32 yaşında,
içinizdeki o tarifi imkânsız boşluğun nedeninin zamanında annenizin sizi
yeterince emzirmemesi, birkaç günlükken bağrına basmaması olabileceğini
öğrendim. Yani, vaktiyle eğer anneler çocuklarına karşı biraz daha ilgili yahut
bu hususta bilgili olsa idi Fransız sineması diye bir şey dahi olmayabilirmiş.
Bunu
öğrendiğimden beri, şu sıralar çocuğumuzun yetişmesine yardımcı olmakla
meşgul annemin hareketlerini daha da bir gözler oldum.
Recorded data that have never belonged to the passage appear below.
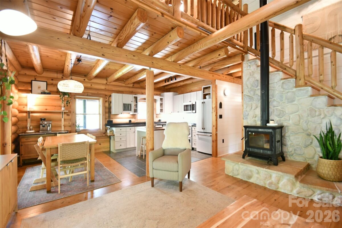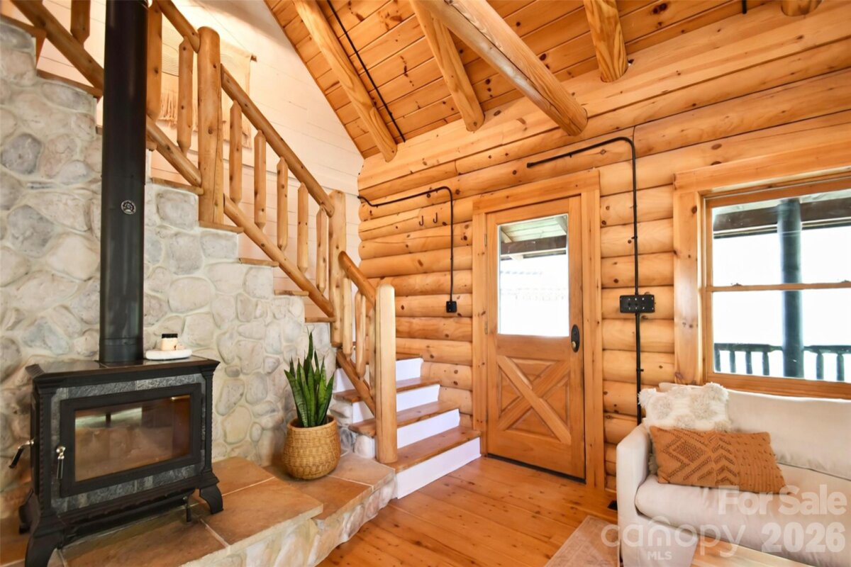 Tucked away on over 13 acres of pristine woodland, this extraordinary custom-crafted modern log estate offers a rare fusion of timeless craftsmanship and refined, modern comfort. Built by renowned log home artisans, this 3-bedroom, 2-bath residence is a masterclass in authentic mountain-inspired living—where every detail has been thoughtfully designed to elevate both form and function. Constructed with striking 10-inch Swedish Cope white pine exterior walls and complemented by rich 8-inch yellow pine beams, rafters, and purlins, the home exudes warmth, character, and enduring quality. Beneath it all, a Superior Wall insulated foundation ensures lasting efficiency and structural integrity. Inside, the open-concept great room and kitchen create an inviting space ideal for both intimate evenings and effortless entertaining, while distinctive industrial accents add a sophisticated edge. The primary suite is a true retreat, featuring a spa-inspired bath with a Jacuzzi tub, complemented by a loft. Step outside and experience the essence of elevated country living. A sweeping wraparound porch invites peaceful mornings and golden-hour sunsets among the fruit trees, while the outdoor hot tub offers a private sanctuary beneath the stars. The beautifully designed barn-style garage, additional carport, and 12x12 outbuilding provide both charm and versatility. There are private ATV trails and a beautiful creek running through the woods of the property. Despite its serene, secluded setting, this property is ideally located just minutes from the Catawba River and Lake Norman, as well as the charm of the Village of Catawba, historic Murray’s Mill, and the covered bridge. Vibrant downtown Statesville—with its boutiques, dining, and live music—is also just a short drive away. This is more than a home—it’s a destination. A place where nature, craftsmanship, and lifestyle converge into a daily escape unlike any other.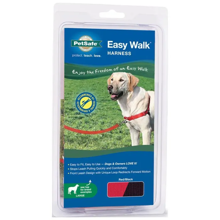 Some pups just donโt understand whoโs in charge of walks, so they drag and pull their people behind them. The PetSafeยฎ Easy Walkยฎ Harness was created by a veterinary behaviorist over 15 years ago to stop light to moderate pulling. It puts pet-parents in control of the leash and is recommended by vets and trainers. The patented front clip d-ring with martingale loop reduces leash pulling by steering your dog and provides more control of your walks. The quick-snap shoulder and belly straps allow you to fit the harness in just a few minutes. Our perfect-fit guarantee ensures it will fit pooches of all proportions. And, if your furry friend decides to turn the harness into a chew toy, we have a 1-year chew damage replacement policy for a minimal fee.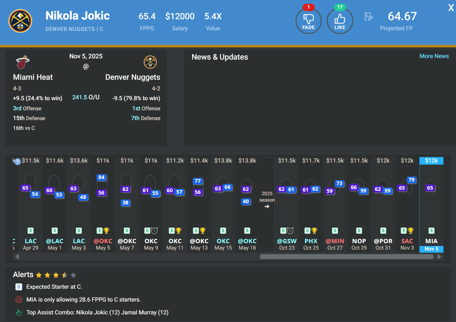 C Nikola Jokic, DEN | DK: $12k, FD: $12.3k | vs. MIA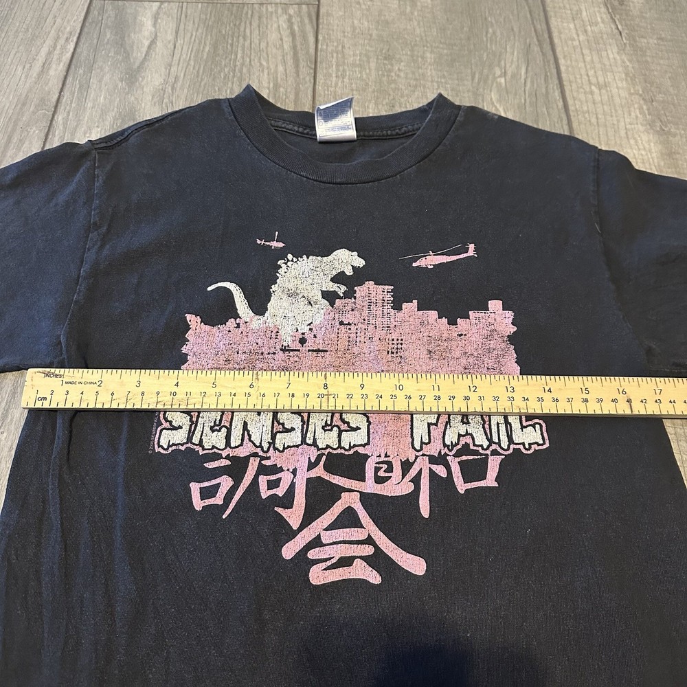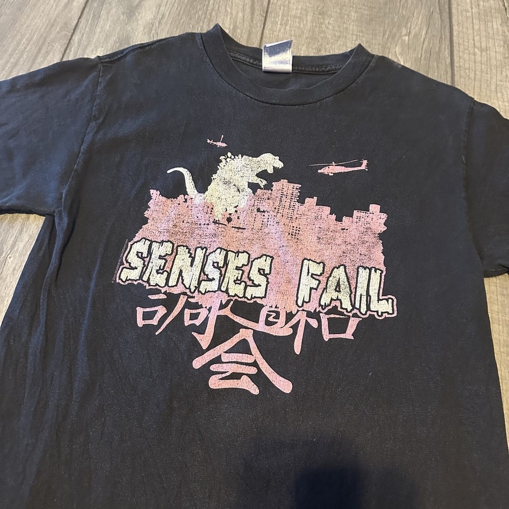 This vintage Senses Fail Godzilla band shirt is a rare find from the early 2000s. Featuring a crew neck and short sleeves, this black t-shirt is perfect for any fan of the band or the iconic monster. The shirt is made by Tennessee River and has a regular fit, making it suitable for both men and women. The shirt is in great condition with a beautiful fade and is sure to be a unique addition to any collection.

Günün birinde tanışmanız
durumunda, 3 yaşındayken anne ve babasını nasıl kaybettiğini, "el kapılarında" ne zorluklarla büyüdüğünü size hemencecik
anlatacak olan annem, çocuklarından bahis açıldığında “sizi ben nasıl yetiştirdim, hiç hatırlamıyorum” der durur.
“Valla ben de hatırlamıyorum anne” diye cevap verdiğimde de “peki, sizi bu yaşa
kadar kim getirdi, lafa bak” diye o çok alışık olduğumuz kısa süre içerisinde
kendi içinde çelişkiye düşmelerine yenisi eklemlenir.
Yıllar yıllar
sonra tekrar bu kadar uzun zamanlı olarak bir araya geldiğimiz bu dönemde annem
üzerine gözlemler yapıyorum. Bazen kanepede yayılmış, dizi özeti izlerken “aa
demek bundan öyle yapıyor” diye sıçradığım oluyor. Misal, annemin ne bana, ne
kendine, ne vaktiyle kaybettiği oğluna ait elinde ne kadar fotoğraf varsa
zamanında oynasınlar diye çocuklara neden verdiğini anlamak bir 30 yıl sürdü. O
vakte kadar “annem hatıralara sahip çıkmıyor”du, bir gün anladım ki annem
hatıra nedir bilmiyor. Olandan da bir an önce kurtulmak istiyor. Kaybettiği
çocuğunun eldeki tek fotoğrafını gözlerini kalemle oysunlar diye başka
çocuklara veriyor…
Şimdi annesiz
babasız büyüyen çocukların bir şekilde anneli babalı büyüyen çocukları olarak
kitaplardan, internet sitelerinden baka ede çocuk büyütüyoruz. "Annesi" kod adlı sevgilimle az evvel
edindiğimiz engin bilgiye yaslanarak anneme “bak şunu şöyle yapma yoksa böyle
böyle olur” diyoruz. “Aa demek ki ben de bu nedenle şöyle şöyle olmuşum” diye
düşünüyoruz.
Bu halimizle
çocuğun en az bu üçlü kadar saçma sapan, takır tukur biri olacağına itimadımız
tam; o da zaten aç yahut gazı olmadığı zamanlar etrafa lisede sosyal’i seçecekmiş gibi bakıyor.